Cisco Switch Controversies and Criticisms | Generated by AI
Question: What are some unpopular or controversial opinions about Cisco switches?
Answer:
Many network engineers love Cisco switches, but there are persistent unpopular opinions that bubble up repeatedly in forums, Reddit (r/networking), and private Slack channels. Here are the most common “hot takes” that tend to get downvoted or start flame wars:
-
Cisco is no longer the “best” enterprise switch – it’s just the most expensive safe choice.
Arista, Juniper (QFX/EX), and even white-box + NOS (SONiC, Cumulus, Nvidia Spectrum) often outperform comparable Cisco Nexus or Catalyst models in throughput, latency, buffering, and power efficiency for the same price. -
Cisco IOS/XE is objectively outdated and clunky compared to modern NOS.

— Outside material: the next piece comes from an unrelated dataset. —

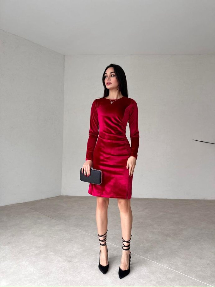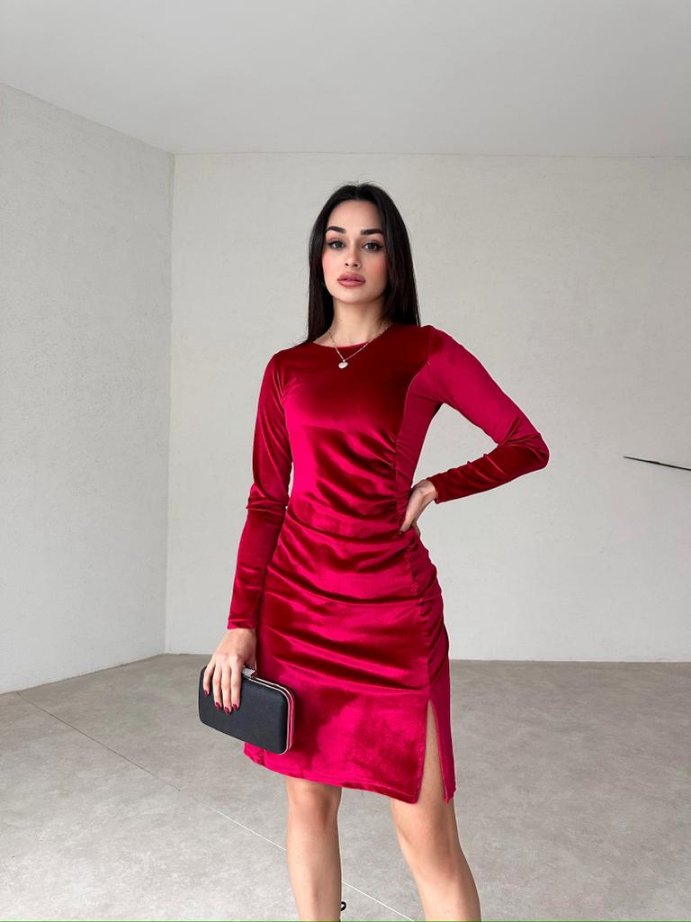 Mini Yırtmaçlı Kadife FREDRİC Elbise tam kalıplıdır.

The CLI is stuck in the 1990s, configuration is verbose and inconsistent, and bugs that have existed for a decade still linger. People argue that Junos, Arista EOS, or even Nvidia Cumulus Linux are cleaner and less error-prone. -
You’re mostly paying for the Cisco logo and support contract, not superior hardware.

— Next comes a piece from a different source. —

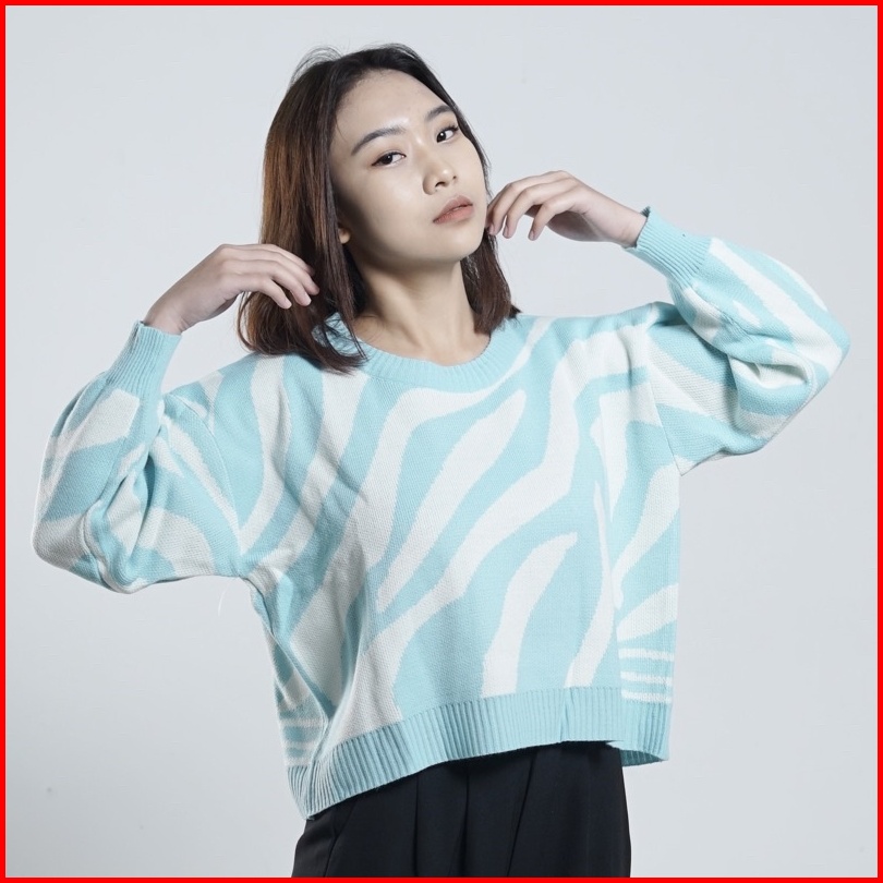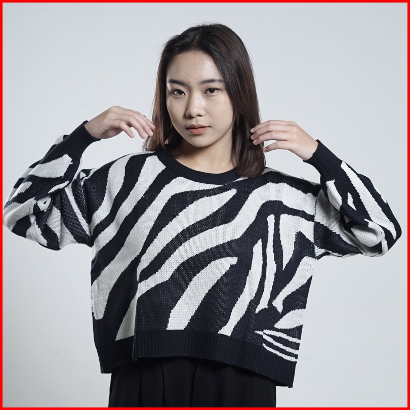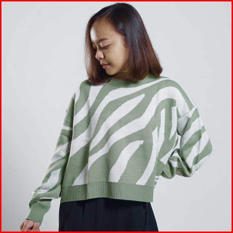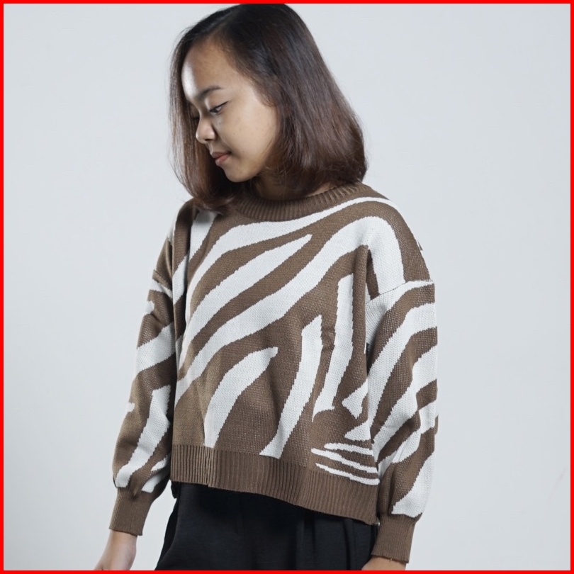 Zebra Crop Sweater Wanita Rajut Garis-garis

Broadcom Trident/Tomahawk/Jericho ASICs power almost everyone (Cisco, Arista, Juniper, Dell, etc.). Once you strip away the software and brand, the silicon is identical or very similar, yet Cisco charges 3-5× more. -
Cisco’s “DNA Center” and subscription licensing (Smart Licensing/DNA Advantage) is a blatant cash grab.
Many engineers feel locked into recurring fees just to use basic features (OSPF, BGP, VXLAN) that used to be included forever in a “right-to-use” license. -
Catalyst 9000 series had an embarrassing amount of hardware defects and silent data corruption bugs.

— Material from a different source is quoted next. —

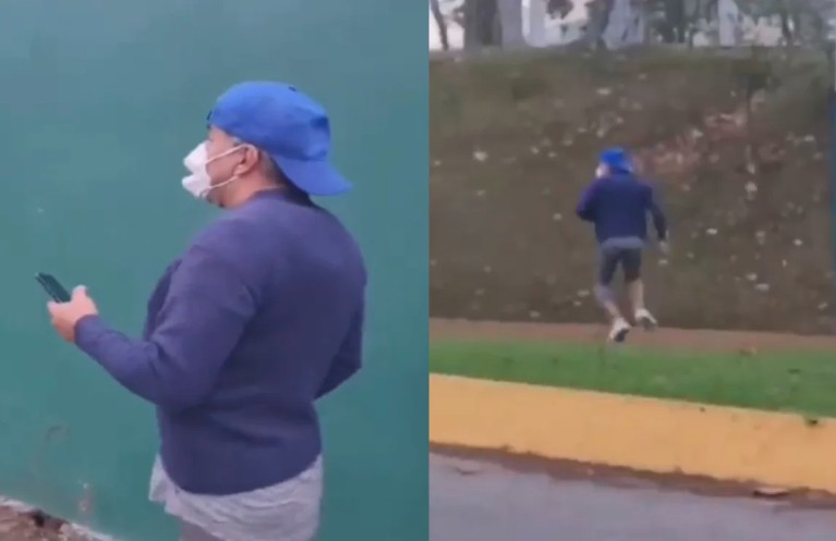 El acosador, quien se muestra sorprendido por la actitud de su víctima, decide huir corriendo del lugar.

Especially the early 9300/9500 stacks with field-notice issues (random reloads, QoS bugs, TCAM exhaustion, etc.) that took years to stabilize—yet Cisco marketed them as “intent-based networking revolution.” -
Cisco is losing the campus/enterprise race to cheaper, simpler competitors.
Brands like Extreme, HPE Aruba, Huawei, and even Ubiquiti Enterprise or TP-Link Omada are “good enough” for 90 % of SMB and campus deployments and cost a fraction. -
Cisco certification (CCNA/CCNP/CCIE) has become largely irrelevant for real-world switching jobs.
The exams still focus heavily on legacy IOS commands while most modern shops run Arista, Juniper, or SDN overlays. Many hiring managers now value hands-on experience with non-Cisco gear more. -
The Nexus 9000 in NX-OS mode is a dead-end product line.
ACI is the only “future” Cisco pushes, but ACI is overcomplicated and losing to VMware NSX, Arista CVP, or simple EVPN/VXLAN everywhere else.
These opinions are definitely unpopular inside Cisco partner ecosystems and training companies, but they’re increasingly common among engineers who have deployed multi-vendor networks in the last 5–10 years.